This tutorial will help you to reproduce the result in the paper.
Test env:
CentOS 7
Intel(R) Xeon(R) Gold 5117 CPU @ 2.00GHz (14 cores)
No GPU
Install miniconda and create environment use command:
# cpu
conda create -n test -c deepchem -c rdkit -c conda-forge -c omnia deepchem=2.3.0 tqdm seaborn rdkit scikit-learn parallel openbabel python=3.6
# gpu
conda create -n test -c deepchem -c rdkit -c conda-forge -c omnia deepchem-gpu=2.3.0 tqdm seaborn rdkit scikit-learn parallel openbabel python=3.6
conda activate test
# conda env export > environment.yml
cd RF_DUD-E
bash 1download_dude.sh
It will convert mol2_files into fingerprints at first time.
# DUD-E|Cross-Class CV
python cross_target_RF.py -f family3fold.json --prop_only -o result/prop_only
# ignoring rdkit warnings
# output: {'prop': {'ROC': 0.6905003110510383, 'EF1': 13.47612326096607}}
# DUD-E|Cross-Class CV
python cross_target_RF.py -o result/family3fold.origin -f family3fold.json
# DUD-E|Random CV
# read target names from family3fold.json and then random split into 3 folds.
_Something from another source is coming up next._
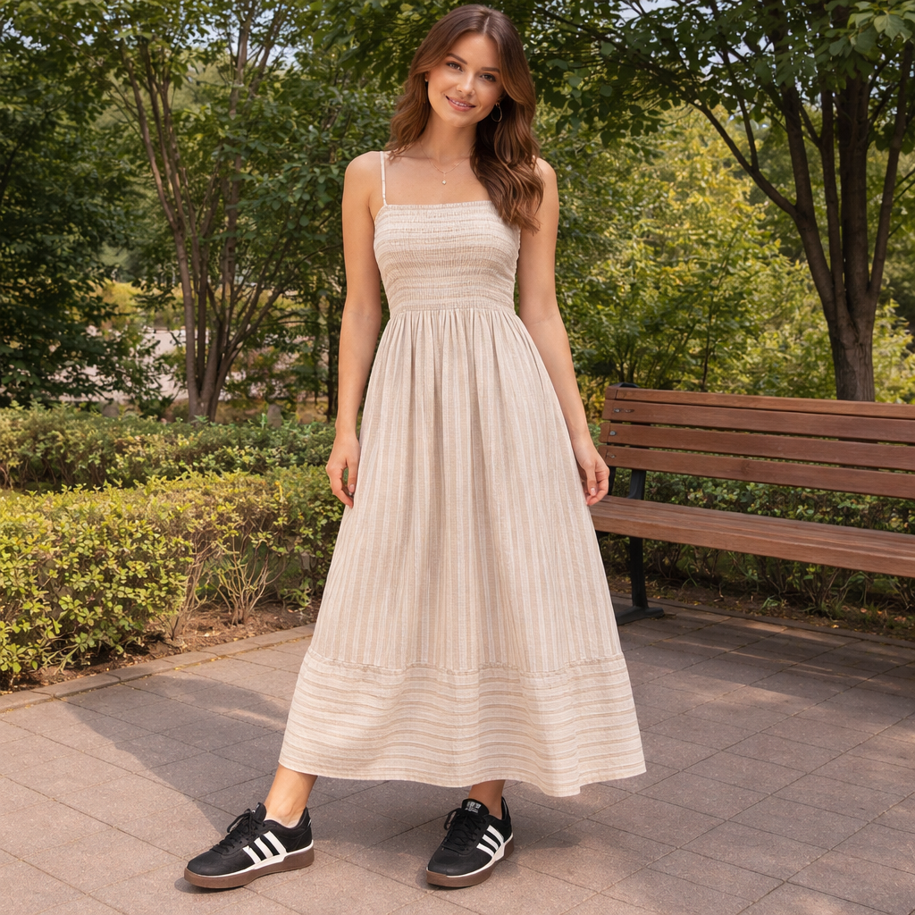 2. Linen Midi Dress + Sneakers (Hot Weather Essential)
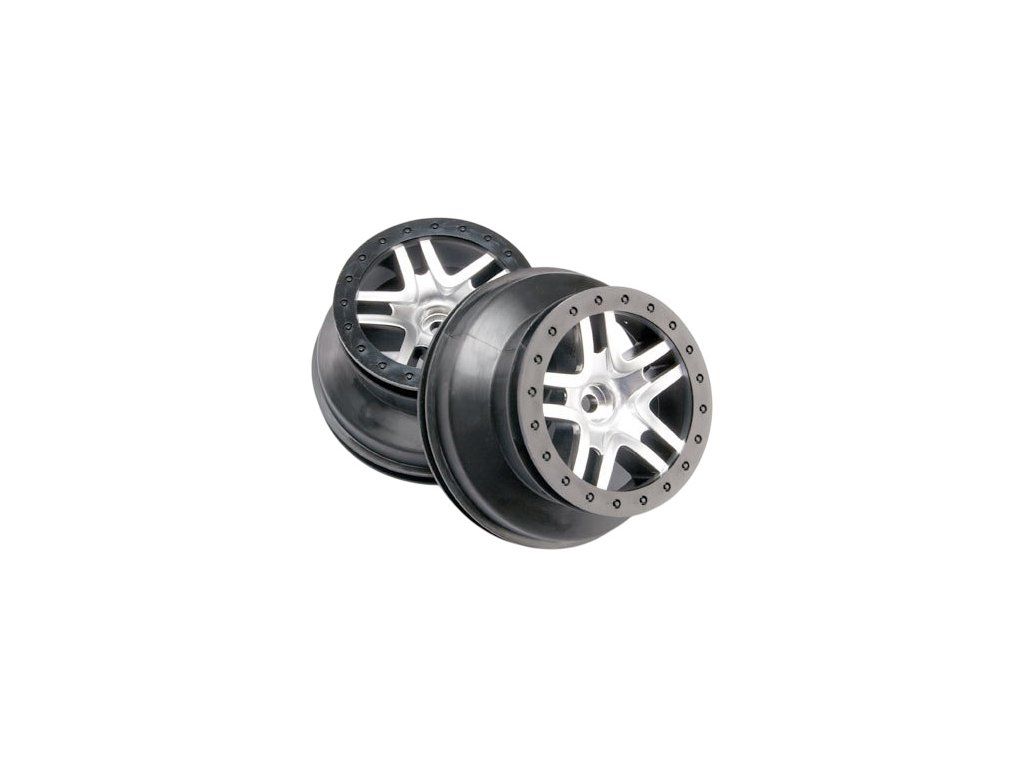 Disky kol 2WD přední SCT Split Spoke chromově matné s černým ráfkem. Duální průměr disku 2.2/3.0", šířka 41mm. Pro auta Traxxas Slash 2WD. Šestihran 12mm.

python cross_target_RF.py -o result/random3fold.origin -f family3fold.json --random_fold
# DUD-E(MW<=500)|Cross-Class CV
python cross_target_RF.py -o result/family3fold.MW500 -f family3fold.json --MW500
# DUD-E(MW<=500)|Random CV
python cross_target_RF.py -o result/random3fold.MW500 -f family3fold.json --MW500 --random_fold
cd ACNN_PDBbind
bash get_pdbbind.sh
Train on core training subset
(binding complex), test on core test subset
(binding complex):
python ACNN.py -result_dir result/binding_core_core_random
# ignoring tensorflow warnings and info.
# output:
# ...
# performance of model best on validation dataset:
# {
# "train": {
# "pearson_r2_score": 0.41563833250684845,
# "mean_absolute_error": 1.3624139727078952
# },
# "valid": {
# "pearson_r2_score": 0.08187588216669629,
# "mean_absolute_error": 2.250938710664448
# },
# "test": {
# "pearson_r2_score": 0.02674488967403431,
# "mean_absolute_error": 2.1726850719451907
# }
# }
# Elapsed time 0:05:36.309268
Remove samples similar to core set based on protein sequence similarity (identity > 40%), 2036 samples left.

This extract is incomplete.